Objective   This work aims to explore the effect of silencing hypoxia-inducible factor(HIF)-2α expression on the enrichment of breast cancer stem cell(BCSC) microspheres under hypoxia.

  Methods   A lentiviral vector of the RNA interference(RNAi) of human HIF-2 α gene was constructed and transfected into Michigan Cancer Foundation(MCF)-7 cells.The mRNAand protein expressions of HIF-2α were determined using real time-polymerase chain reaction(RT-PCR) and Western blot, respectively.The proliferation activity of the MCF-7 cells under different oxygen concentrations was measured using the methyl thiazolyl tetrazolium assay.The formation of the BCSC microspheres under hypoxia was observed by a fluorescence microscope.The monoclonal formation ability of the microsphere cells was detected by limiting dilution assay.The mRNA expressions of the BCSC markers, ABCG, CD44, and OCT-4, were tested by RT-PCR.

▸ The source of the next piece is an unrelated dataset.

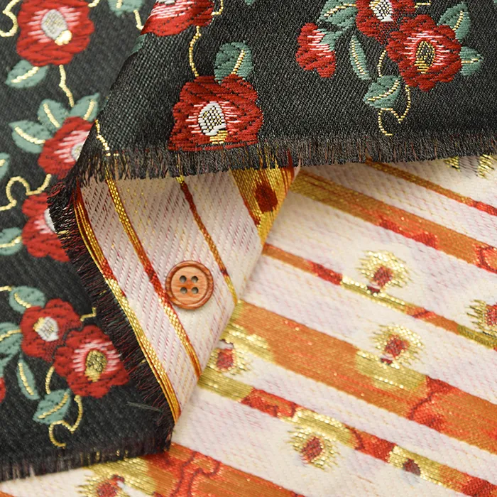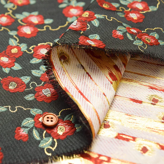 金糸や銀糸に色糸を交えて緯糸にし、紋様が浮き上がるように織った紋織物のひとつです。
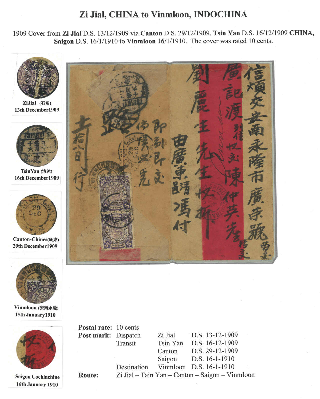 3124 cover image1909 Shekkok (13 Dec) to Vinmloon, French Indochina. Red band cover, f.w. Coiling Dragon 5c in pair, tied by Shekkok cds. Transit Tsingyun (16 Dec), Canton French PO (29 Dec), Saigon (16 Jan). Arrived Vinmloon (16 Jan). Cover opened out for display.

  Results   The siRNA expression vector targeting the HIF-2α gene was successfully constructed.Both the HIF-2a mRNA and protein levels noticeably decreased in the MCF-7 cells transfected with the RNAi expression vector(P < 0.05).Compared with the groups with empty vectors or those that were not transfected, the proliferation activity of MCF-7 cells and the monoclonal formation ability of BCSCs in the RNAi group were markedly inhibited after silencing the HIF-2α gene(P < 0.05).RT-PCR results showed that the mRNA expressions of BCSC markers ABCG2, CD44, and OCT-4 in cells from the RNAi group decreased significantly under hypoxia(P < 0.05).

  Conclusion   Hypoxia induced and enhanced cancer stem cell-like characteristics in MCF-7 cells.HIF-2α silencing leads to the decreased enrichment of BCSC microspheres under hypoxia.HIF-2 α may be a new candidate gene for BCSC-targeting therapy.